= Christian Gerber =

Swiss orthopedic surgeon

Christian Gerber (born 24 May 1952, in Switzerland) is an orthopedic surgeon, physician, scientist and medical teacher in orthopedic surgery. He is the current Chairman of the Department of Orthopedics at the University of Zürich, Switzerland.

== Biography ==
After studying medicine at the University of Berne, Gerber was trained in orthopedic surgery in several Swiss hospitals, including the Davos Hospital and the University Hospital of Berne. He specialized in shoulder surgery at the University of Texas, San Antonio in 1984 and subsequently trained on tumor foot and ankle surgery as well as pediatric orthopedics in Paris in 1985.

From 1985 to 1991 he served as a consultant at the Department of Orthopedics at the University of Berne, where in 1991 he was promoted to associate professor in orthopedic surgery. In 1992, he was appointed chief of the Department of Orthopedics in Fribourg and since 1995 he has worked in the Balgrist University Hospital in Zürich, where he holds the position of medical director and Chairman of the Department of Orthopedics.

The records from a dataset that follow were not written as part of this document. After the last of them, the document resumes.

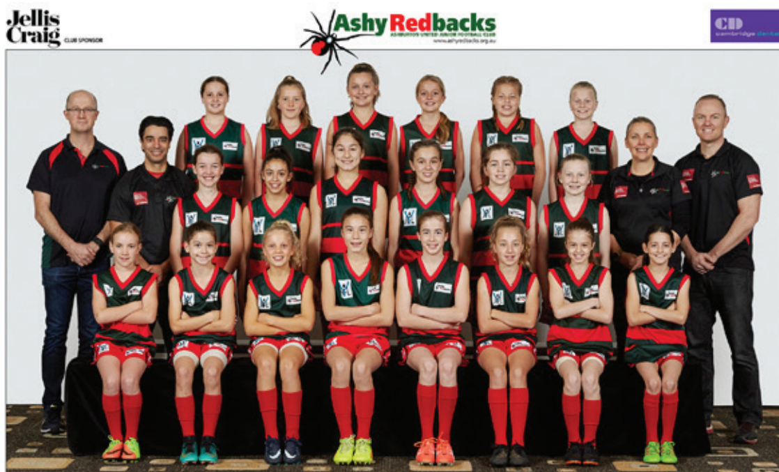
UNDER 12 GIRLS RED - 2018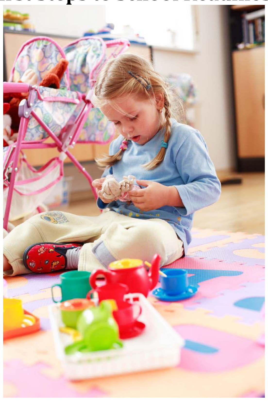
Annual Report 2013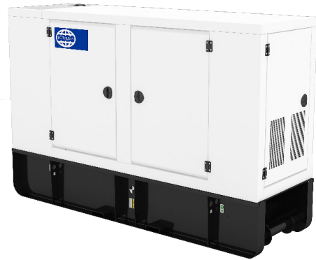
Generator shown is indicative and may not be representative of equipment available at the time.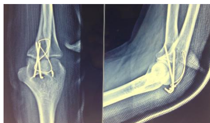
Figure 2 (A) Immediate post-op X- ray

The procedure was performed while wearing a tourniquet. The affected elbow was exposed by a curvilinear incision on the back, the damage site was identified, and the hematoma was evacuated. The Triceps tendon along with flack of bone was found retracted approximately two cm proximally from the tip of olecranon. The bony flake attached with triceps tendon, was reduced and stabilized using two k-wires later for reinforcement tension band wiring done (Fig-2A). After surgery, the arm remained immobilized in a posterior above elbow slab at eighty degree of flexion for three weeks before beginning active flexion. After six weeks, active extension was initiated (Fig-2B). Three months following the procedure, the k-wires were removed. After six months, the patient's left elbow had regained its entire range of active movement and muscular strength. Complete recovery and full muscle bulk observed after 1 year (Fig-3).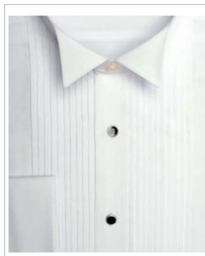
FSH3 Wing Collar-Studs 1/4" Pleated-1/2 Front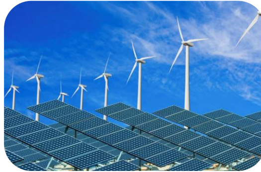
Energy Reform Package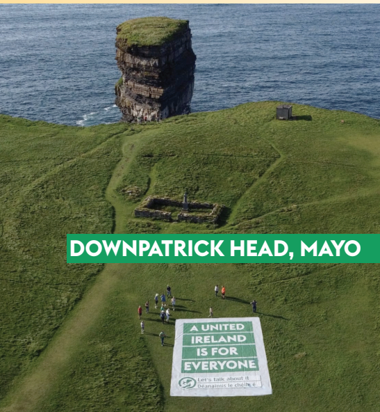
DOWNPATRICK HEAD, MAYO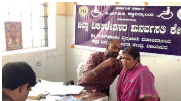
Assessment Camp conducted at the Government Hospital, Sindagi on June 12, 2018.

Christian Gerber created the RESORTHO foundation for research and education in musculoskeletal disorders to support the academic development of residents and junior staff. He also founded the international Harvard–Balgrist shoulder fellowship. He also established the Balgrist Campus, a privately funded musculoskeletal research and development institution based in Zürich.

Beside his continuous clinical activity, he has also described novel surgical procedures such as the latissimus dorsi transfer for a pseudoparalytic shoulder and he has described several important pathologies, such as the isolated rupture of the subscapularis tendon. As a result of his clinical experience, he developed clinical tests, such as the Gerber Lift Off test for a subscapular insufficiency. He is author of >300 scientific articles that were cited over 15000 times (as per Feb. 2014). He has received many awards for his clinical and research work including the Neer Award of the American Shoulder And Elbow Surgeons (ASES) on four occasions. In 2007 he received the Kappa Delta OREF Clinical Research award Award for the lifetime work “Rotator Cuff Disease: From Scientific Understanding to Patient Care”. In 2014, he received the ORS Arthur Steindler Award.